AIM OF THE EXERCISE: Copy, word for word, the opening line of the data and each line after it until the line that contains "はじめて馬に乗るのか、おっかなびっくりの、りありー?。", which is included. Leave the pictures out.

START THE RECORDS

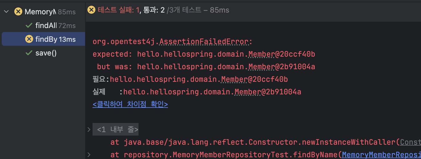 - findAll() 부분에서 이미 객체 "member1" 과 "member2"를 이미 save해버려서 findByName()에서는 다른 객체를 불러오게 됨 !! ⟹ error
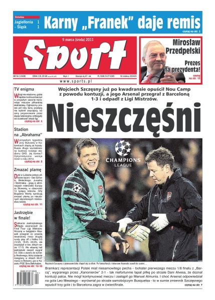 Wojciech Szczęsny już po kwadransie opuścił Nou Camp z powodu kontuzji; Arsenal przegrał z Barceloną 1:3; nie wiadomo, gdzie będzie można zobaczyć w przyszłym sezonie transmisje meczów piłkarskiej ekstraklasy; w przyszłym tygodniu w Katowicach ruszy budowa nowego stadionu GKS; dziś w Lublanie polscy piłkarze ręczni grają w eliminacjach mistrzostw Europy ze Słowenią; siatkarze Jastrzębskiego Węgla awansowali do Final Four Ligi Mistrzów.
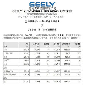 吉利汽车:集团6月总销量166085部,同比增长约24%
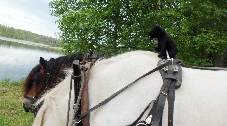 はじめて馬に乗るのか、おっかなびっくりの、りありー?。
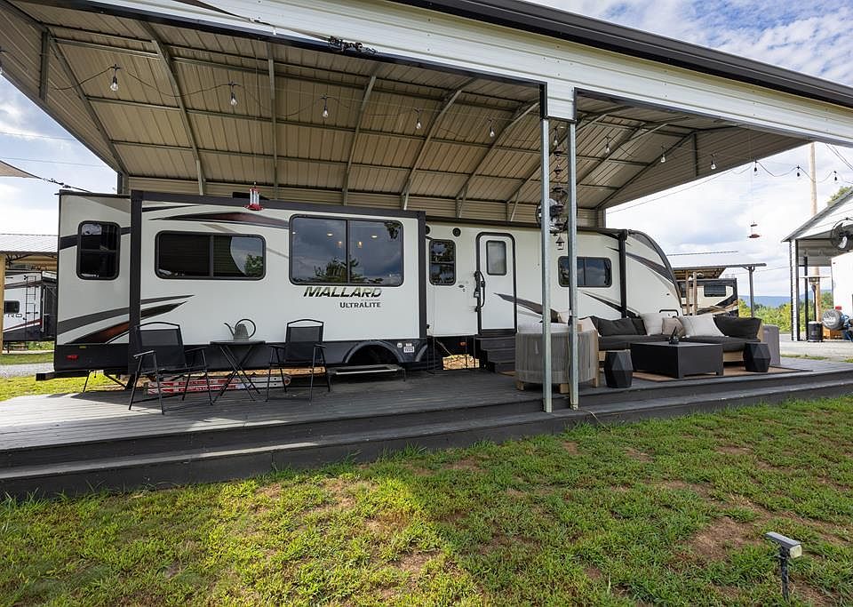 This 0.72-acre property in an RV- and tiny-home-friendly community is loaded with upgrades and ready to enjoy! Included is a furnished 40' 2018 Heartland Mallard RV, plus a 12x16 shed that has been beautifully converted into a furnished sleeping cabin complete with a kitchenette, full bathroom with soaking tub, bunk beds, and a cozy sitting area. Outdoor living is a highlight with mountain views from the flagstone patio and outdoor kitchen, a spacious deck connecting the RV and cabin with seating space, and a lower-level fire pit area perfect for gatherings. Additional improvements include an RV carport with 14' opening, a storage shed, and built-in RV storage for added convenience. A 2-bedroom septic system is already installed, with underground utilities and shared community water in place. With these upgrades complete, this unique property is truly move-in ready, offering you an easy blend of comfort, functionality, and mountain living!

END THE RECORDS

COMPLETED EXERCISE:
 - findAll() 부분에서 이미 객체 "member1" 과 "member2"를 이미 save해버려서 findByName()에서는 다른 객체를 불러오게 됨 !! ⟹ error
 Wojciech Szczęsny już po kwadransie opuścił Nou Camp z powodu kontuzji; Arsenal przegrał z Barceloną 1:3; nie wiadomo, gdzie będzie można zobaczyć w przyszłym sezonie transmisje meczów piłkarskiej ekstraklasy; w przyszłym tygodniu w Katowicach ruszy budowa nowego stadionu GKS; dziś w Lublanie polscy piłkarze ręczni grają w eliminacjach mistrzostw Europy ze Słowenią; siatkarze Jastrzębskiego Węgla awansowali do Final Four Ligi Mistrzów.
 吉利汽车:集团6月总销量166085部,同比增长约24%
 はじめて馬に乗るのか、おっかなびっくりの、りありー?。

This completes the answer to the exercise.